In C, the main loop looks as follows (flo is FLOOR, and ava is WALL):

   while ((count < cellnum) && rndpull(cstore, &x, &y))
       {
       ngb_count = ngbcount(mpc, x, y, flo);
       ngb_groups = ngbgroups(mpc, x, y, flo);
       if ( inbord(mpc, x, y) && (mpc.map[x][y] == ava) &&
           (ngb_count >= ngb_min) && (ngb_count <= ngb_max) &&
           ((ngb_groups <= 1) || (rnd_i0(100) < connchance)) )
           {
           count += digcell(mpc, cstore, x, y, flo, ava);
           }
       }

If connchance is 0, and the initial seed contains no loops, the algorithm won't create any; it also won't open connections to any other FLOOR areas that may happen to be on the map. If the initial seed is connected, so is the resultant pattern.

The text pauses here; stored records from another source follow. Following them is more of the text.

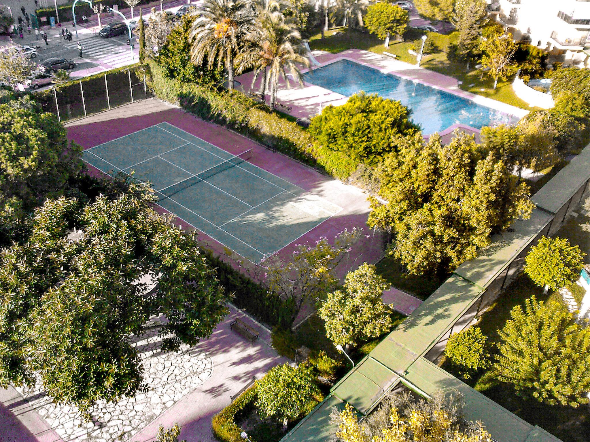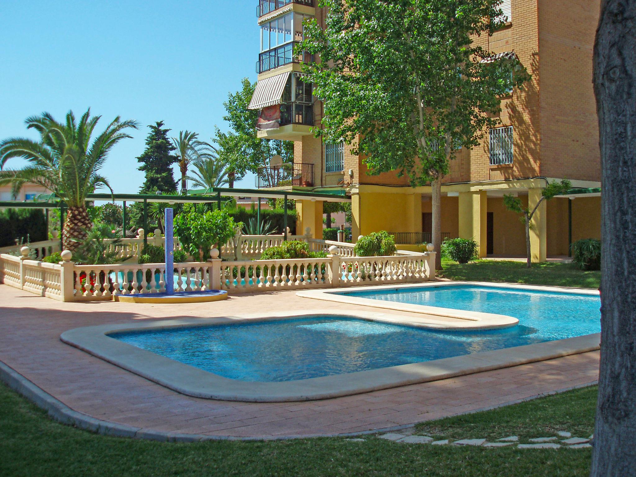 El Campello: Cosy, simple apartment block "Las 5 Torres", 7 storeys. In the resort 200 m from the centre of El Campello, in a central, sunny position, 700 m from the sea, 700 m from the beach, east facing position. For shared use: property (fenced), large garden (fenced) with lawn and trees, swimming pool fenced (15 x 10 m, depth 190 - 120 cm, seasonal availability: 15.Jun. - 15.Sep.). Children's pool, outdoor shower, tennis, children's playground. In the house: lift. Parking on the premises. Supermarket 100 m, shopping centre 200 m, restaurant, bar, café 50 m, 10 minute walk to the centre, bus stop "Av. Furs, 4" 100 m, railway station "Campello" 1 km. Sports harbour 1 km, golf course (18 hole) 6 km. Nearby attractions: Aqualandia Benidorm 30 km, Terra Mitica Benidorm 30 km, Alicante 12 km, Terra Natura Benidorm 30 km, Mundomar Benidorm 30 km, Aeropuerto Alicante 24 km. Please note: baby equipment on request. The owner does not accept any youth groups. Neighbourhood highly sensitive to noise. Quietness and good behaviour expected.
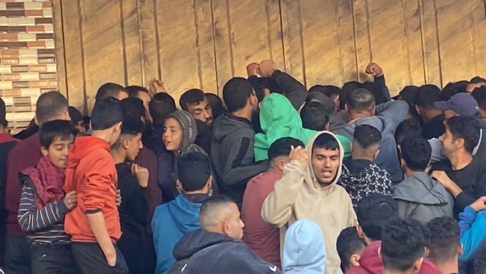 قرب حي تل السلطان تجمع مواطنون في مدرسة تابعة للأونروا، فقد كان موعدا لهم اليوم لاستلام طرد غذائي، لكنهم خرجوا غاضبين لأن الطرد كان عبارة عن قنينة ماء وقطعتي بسكويت (200 غرام) وقطعة معجنات لعائلة 6 أنفار. "زمان كانوا يعطوا أحسن من هيك، بس العدد زاد".
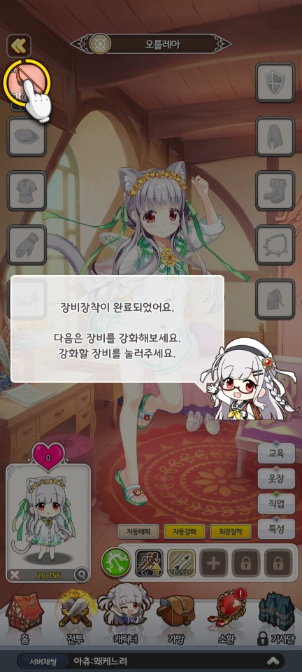 획득하게 됩니다. 전투에서 얻은 아이템으로 캐릭터를 강화시켜줍시다.
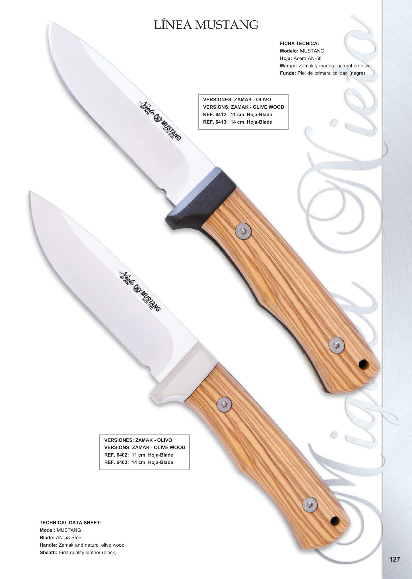Longitud de hoja: 14 cm. Longitud total: 26 cm. Peso: 256 grs. Funda marrón.
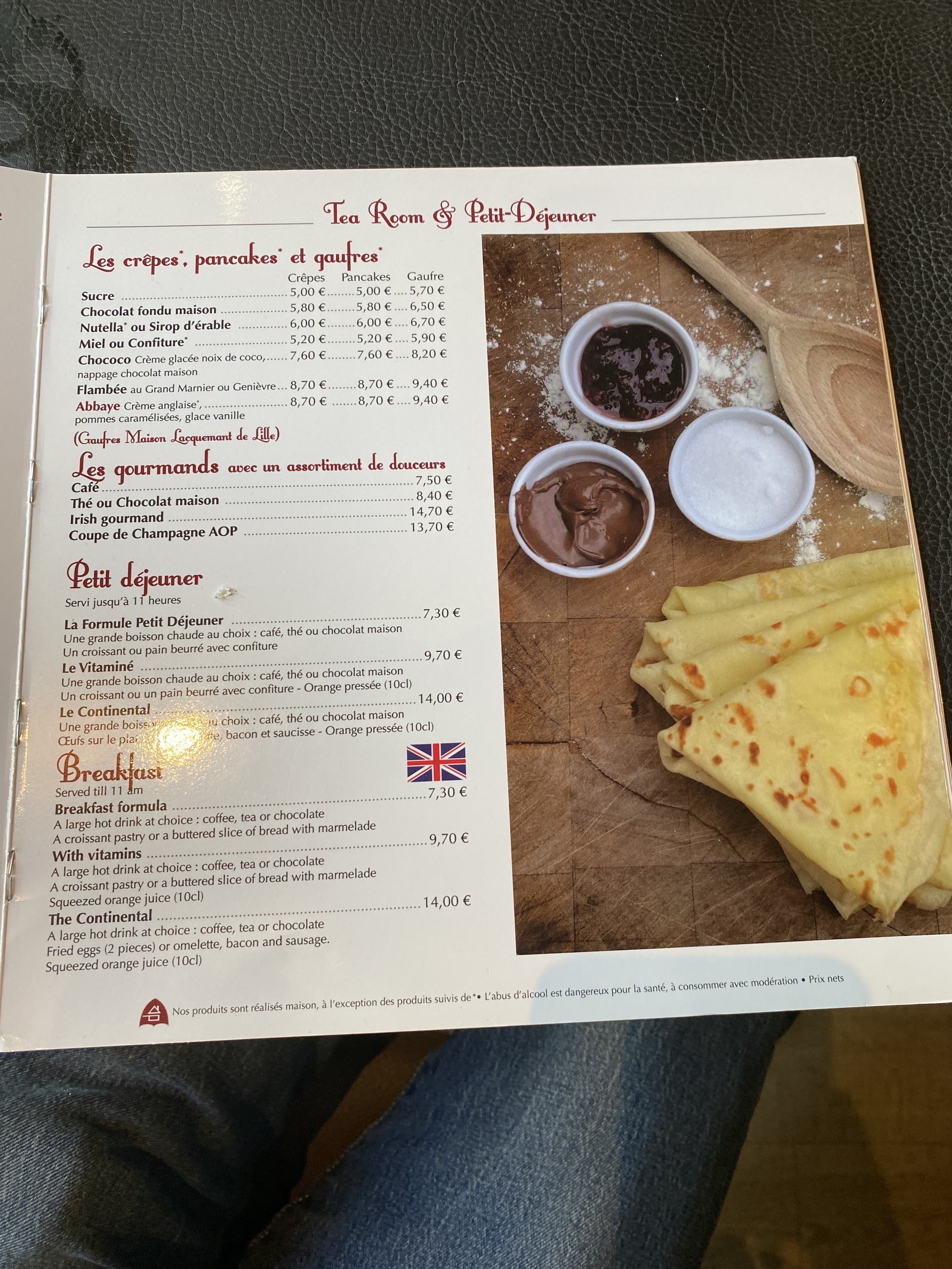 Bistrot animé au centre de Lille. Visité deux fois, une pour boire un verre et l'autre pour déjeuner. Je recommanderais la crêpe au chocolat, les gaufres étaient superbes aussi. Délicieux café glacé. Extrêmement occupé aux heures de pointe. Une visite, nous avons eu une serveuse fantastique et la deuxième visite un serveur moins intéressé, ce qui était dommage.
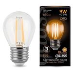 Лампочка Gauss 105802109 Filament Шар E27 9Вт 220B 2700K св.свеч.бел.теп. G45 (10шт)
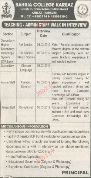 Apply as per details in job advertisement. Login to view further details of how to apply via https://www.jobz.pk online.
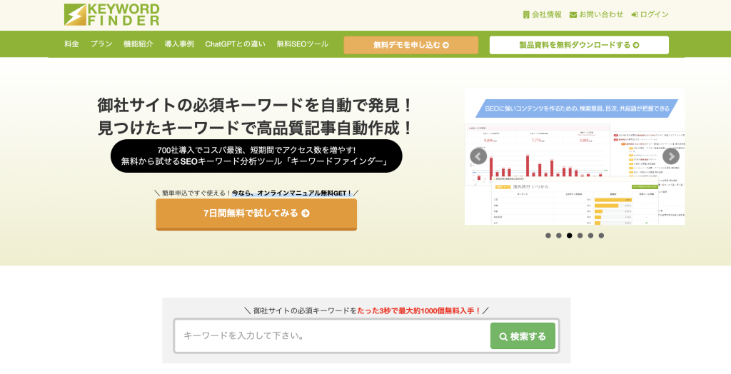 キーワードファインダーは、SEO施策の自動化に特化した国産ツールです。AIが最適なキーワードを提案します。

Depending on the values of the parameters (ngb_min, ngb_max, connchance), the algorithm can generate a variety of patterns:

  • (1, 1, 0) a narrow maze: [1]
  • (2, 3, 0) a wider maze (insect nest?): [2];
  • (1, 8, 0) a cavern with narrow tunnels; [3];
  • (3, 8, 0) a wider and more rounded cavern: [4].

Nonzero connchance allows the algorithm to produce pillars and other WALL areas surrounded by FLOOR, for example this (2, 4, 5) one: [5]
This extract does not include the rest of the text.